• [Work request]
Set down each record exactly. Omit the pictures.
===== Data shown
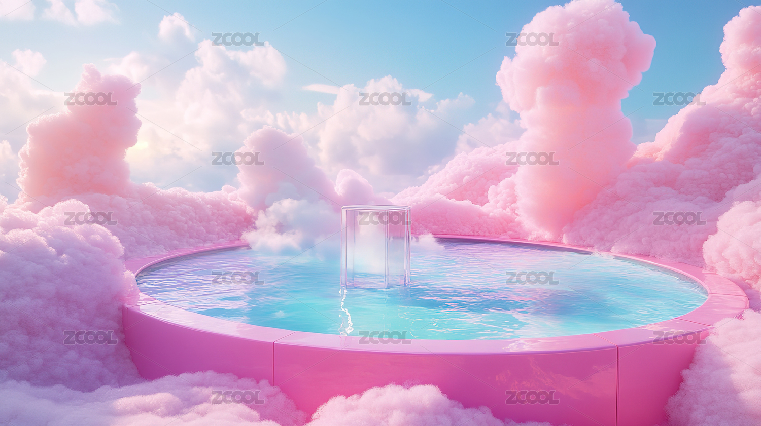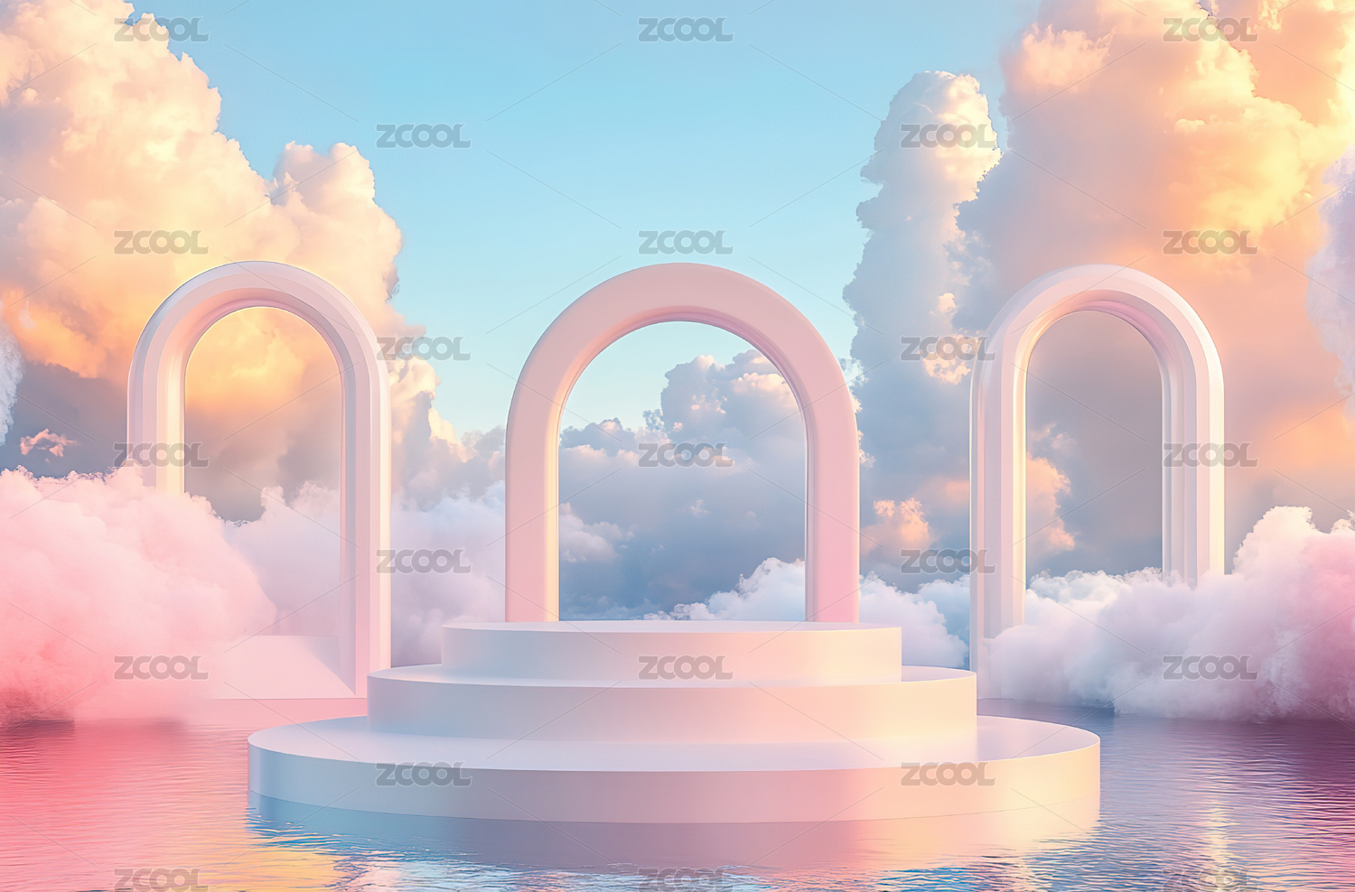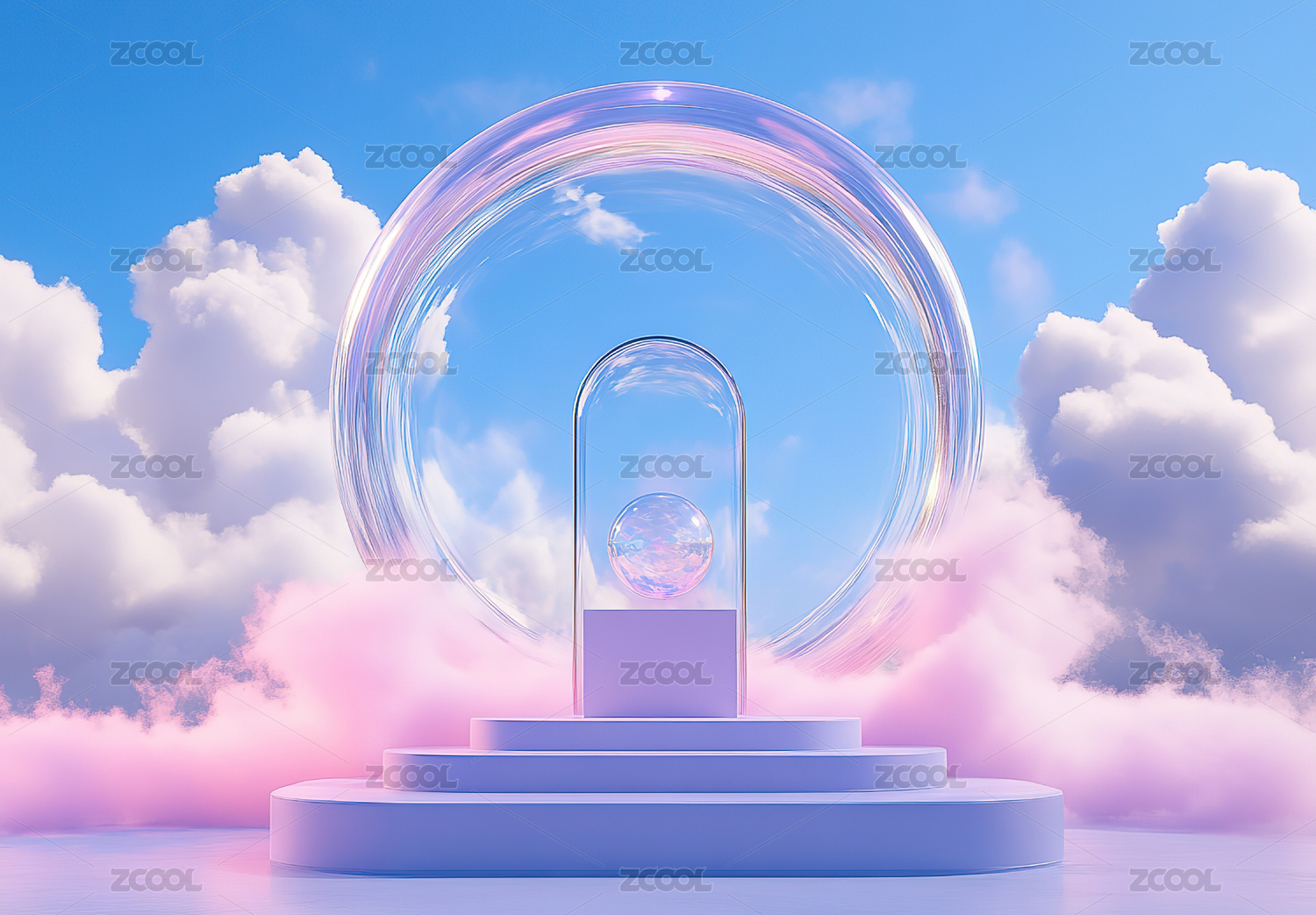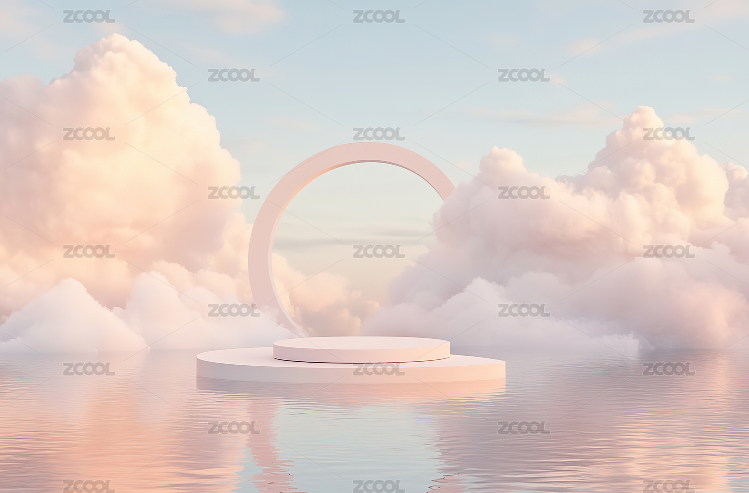 展示台,舞台,海洋,柔和,云朵,泡泡,窗口,讲台,圆形,平台
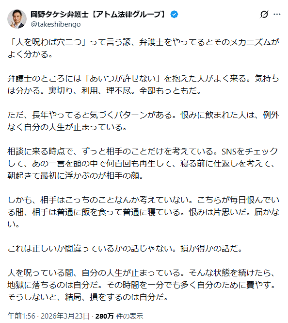 | … | 60無念Nameとしあき26/03/24(火)11:29:55No.1396000334そうだねx1何かと戦う人も本当に増えたな |
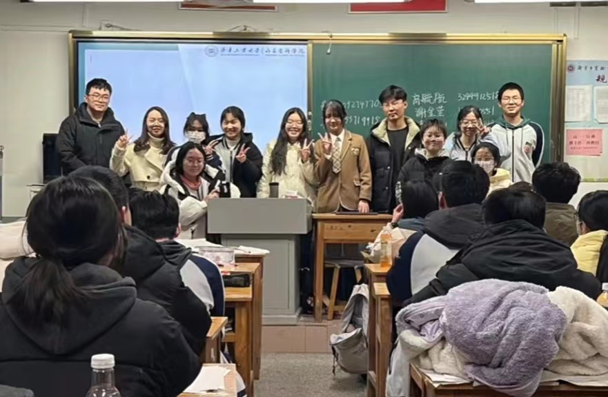 首先我们等到他们自习课时,我们为学弟学妹们讲了很多,我们希望他们可以对自己的未来有一个清晰的认知,走出迷茫,并激发大家的学习热情,从根本上解决学弟学妹的学习困难,共同为他们的中考打上坚实的基础,为实现自己的梦想而奋斗。我们通过分享自己的心得和经验教训,让大家做出正确的选择少走弯路。
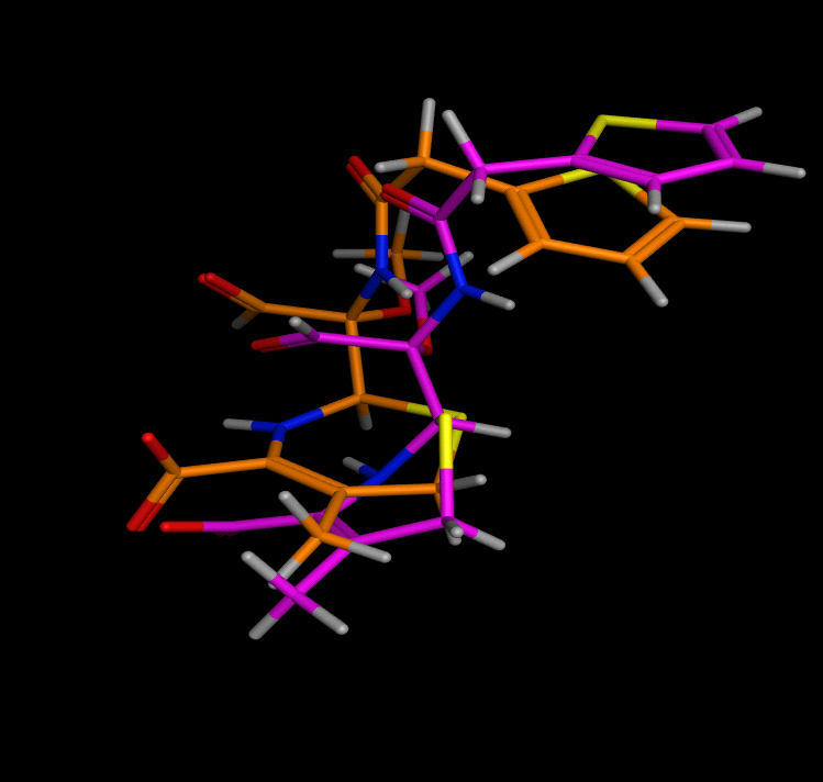 Fig. 4: Alignment of native ligand (purple) and docked ligand (yellow)
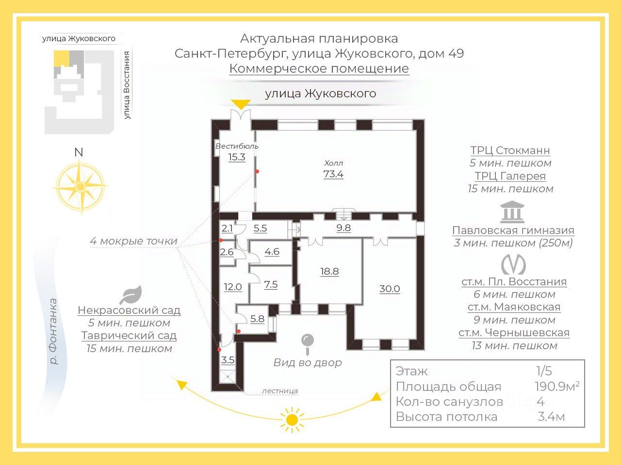 На исторической улице Петербурга - улице Жуковского, которая обладает большой силой притяжения жителей города и туристов, благодаря окружающим ее соседям ул. Восстания (через 1 дом), ул. Некрасова, ул. Маяковского, а так же Лиговский и Литейный проспекты, в доме номер 49 (рядом с перекрестком ул. Восстания/ул. Жуковского) расположился интереснейший коммерческий объект.
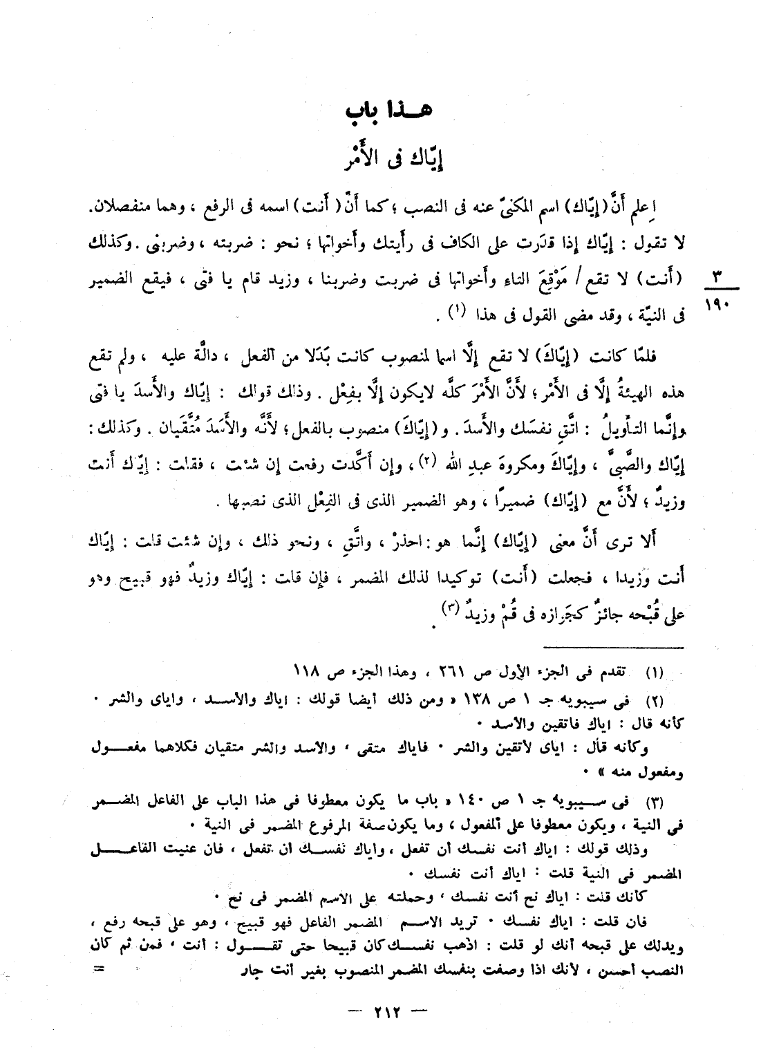 اعْلَم أَن (إياك) اسْم المكنى عَنهُ فى النصب؛ كَمَا أَن (أَنْت) اسْمه فى الرّفْع، وهما منفصلان، لَا تَقول: إياك إِذا قدرت على الْكَاف فى رَأَيْتُك وَأَخَوَاتهَا؛ نَحْو: ضَربته، وضربنى وَكَذَلِكَ (أَنْت) لَا تقع / موقع التَّاء وَأَخَوَاتهَا فى ضربت وضربنا، وَزيد قَامَ يَا فَتى، فَيَقَع الضَّمِير فى النِّيَّة، وَقد مضى القَوْل فى هَذَا فَلَمَّا كَانَت (إياك) لَا تقع إِلَّا اسْما لمنصوب كَانَت بَدَلا من الْفِعْل، دَالَّة عَلَيْهِ، وَلم تقع هَذِه الْهَيْئَة إِلَّا فى الْأَمر؛ لِأَن الْأَمر كُله لَا يكون إِلَّا بِفعل وَذَلِكَ قَوْلك: إياك والأسد يَا فَتى وَإِنَّمَا التَّأْوِيل: اتَّقِ نَفسك والأسد و (إياك) مَنْصُوب بِالْفِعْلِ؛ لِأَنَّهُ والأسد متقيان وَكَذَلِكَ: إياك والصبى، وَإِيَّاك ومكروه عبد الله، وَإِن أكدت رفعت إِن شِئْت، فَقلت: إياك أَنْت وَزيد؛ لِأَن مَعَ (إياك) ضميرا، وَهُوَ الضَّمِير الذى فى الْفِعْل الذى نصبها أَلا ترى أَن معنى (إياك) إِنَّمَا هُوَ: احذر، وَاتَّقِ، وَنَحْو ذَلِك، وَإِن شِئْت قلت: إياك أَنْت وزيدا، فَجعلت (أَنْت) توكيدا لذَلِك الْمُضمر، فَإِن قلت: إياك وَزيد فَهُوَ قَبِيح وَهُوَ على قبحه جَائِز كجرازه فى قُم وَزيد
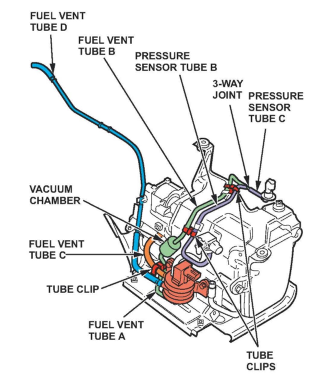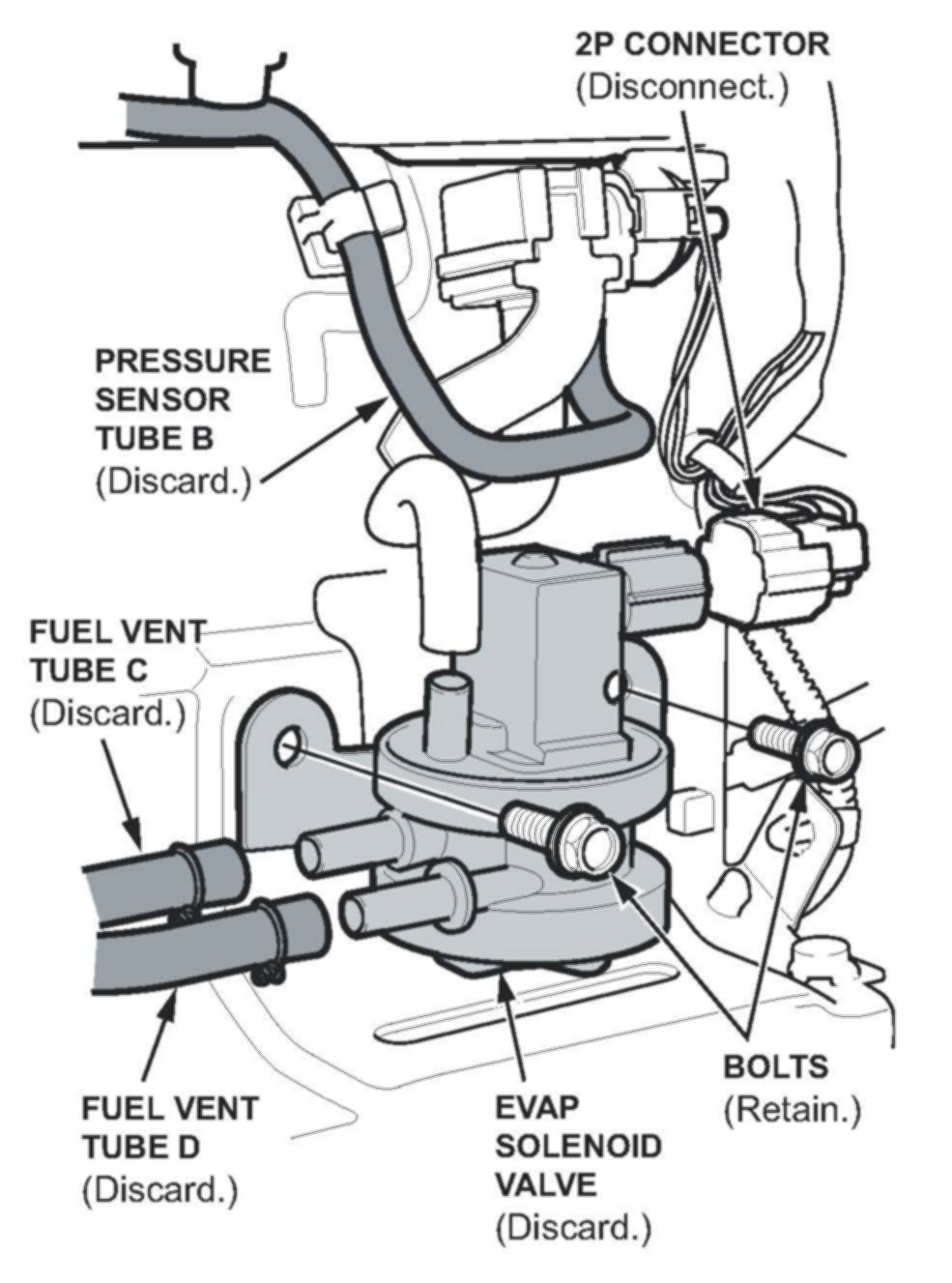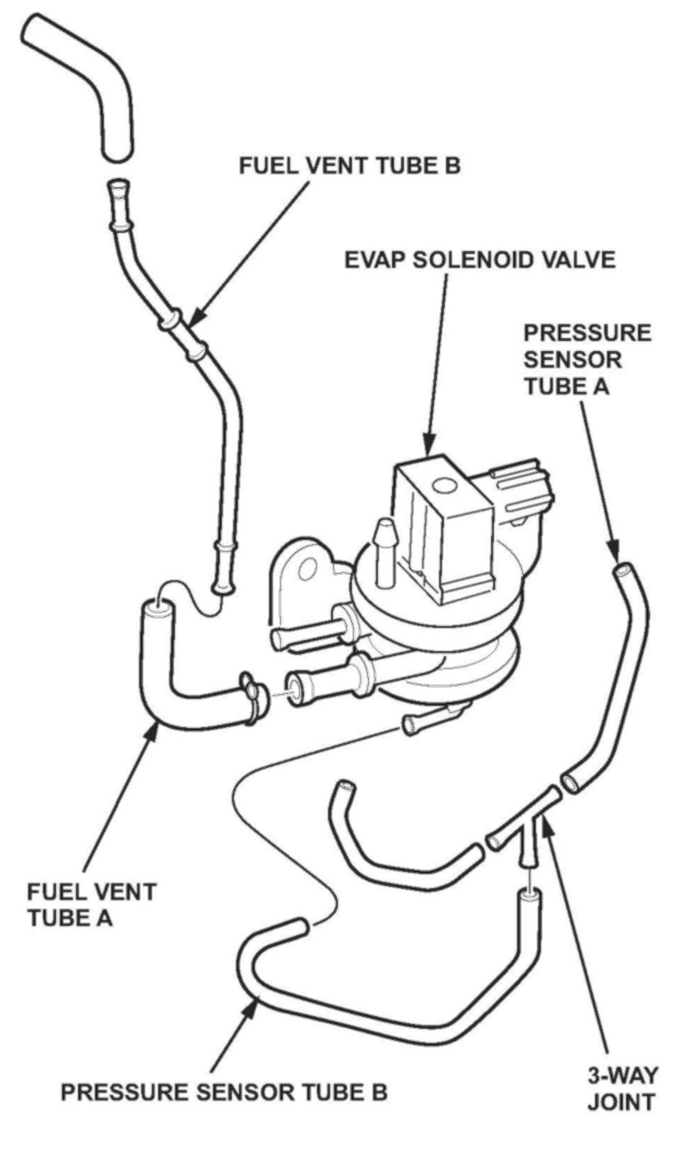 ^ Disconnect fuel vent tube C from the EVAP solenoid valve. The tube will be reused.
==========
• [Your response]
 展示台,舞台,海洋,柔和,云朵,泡泡,窗口,讲台,圆形,平台
 | … | 60無念Nameとしあき26/03/24(火)11:29:55No.1396000334そうだねx1何かと戦う人も本当に増えたな |
 首先我们等到他们自习课时,我们为学弟学妹们讲了很多,我们希望他们可以对自己的未来有一个清晰的认知,走出迷茫,并激发大家的学习热情,从根本上解决学弟学妹的学习困难,共同为他们的中考打上坚实的基础,为实现自己的梦想而奋斗。我们通过分享自己的心得和经验教训,让大家做出正确的选择少走弯路。
 Fig. 4: Alignment of native ligand (purple) and docked ligand (yellow)
 На исторической улице Петербурга - улице Жуковского, которая обладает большой силой притяжения жителей города и туристов, благодаря окружающим ее соседям ул. Восстания (через 1 дом), ул. Некрасова, ул. Маяковского, а так же Лиговский и Литейный проспекты, в доме номер 49 (рядом с перекрестком ул. Восстания/ул. Жуковского) расположился интереснейший коммерческий объект.
 اعْلَم أَن (إياك) اسْم المكنى عَنهُ فى النصب؛ كَمَا أَن (أَنْت) اسْمه فى الرّفْع، وهما منفصلان، لَا تَقول: إياك إِذا قدرت على الْكَاف فى رَأَيْتُك وَأَخَوَاتهَا؛ نَحْو: ضَربته، وضربنى وَكَذَلِكَ (أَنْت) لَا تقع / موقع التَّاء وَأَخَوَاتهَا فى ضربت وضربنا، وَزيد قَامَ يَا فَتى، فَيَقَع الضَّمِير فى النِّيَّة، وَقد مضى القَوْل فى هَذَا فَلَمَّا كَانَت (إياك) لَا تقع إِلَّا اسْما لمنصوب كَانَت بَدَلا من الْفِعْل، دَالَّة عَلَيْهِ، وَلم تقع هَذِه الْهَيْئَة إِلَّا فى الْأَمر؛ لِأَن الْأَمر كُله لَا يكون إِلَّا بِفعل وَذَلِكَ قَوْلك: إياك والأسد يَا فَتى وَإِنَّمَا التَّأْوِيل: اتَّقِ نَفسك والأسد و (إياك) مَنْصُوب بِالْفِعْلِ؛ لِأَنَّهُ والأسد متقيان وَكَذَلِكَ: إياك والصبى، وَإِيَّاك ومكروه عبد الله، وَإِن أكدت رفعت إِن شِئْت، فَقلت: إياك أَنْت وَزيد؛ لِأَن مَعَ (إياك) ضميرا، وَهُوَ الضَّمِير الذى فى الْفِعْل الذى نصبها أَلا ترى أَن معنى (إياك) إِنَّمَا هُوَ: احذر، وَاتَّقِ، وَنَحْو ذَلِك، وَإِن شِئْت قلت: إياك أَنْت وزيدا، فَجعلت (أَنْت) توكيدا لذَلِك الْمُضمر، فَإِن قلت: إياك وَزيد فَهُوَ قَبِيح وَهُوَ على قبحه جَائِز كجرازه فى قُم وَزيد
 ^ Disconnect fuel vent tube C from the EVAP solenoid valve. The tube will be reused.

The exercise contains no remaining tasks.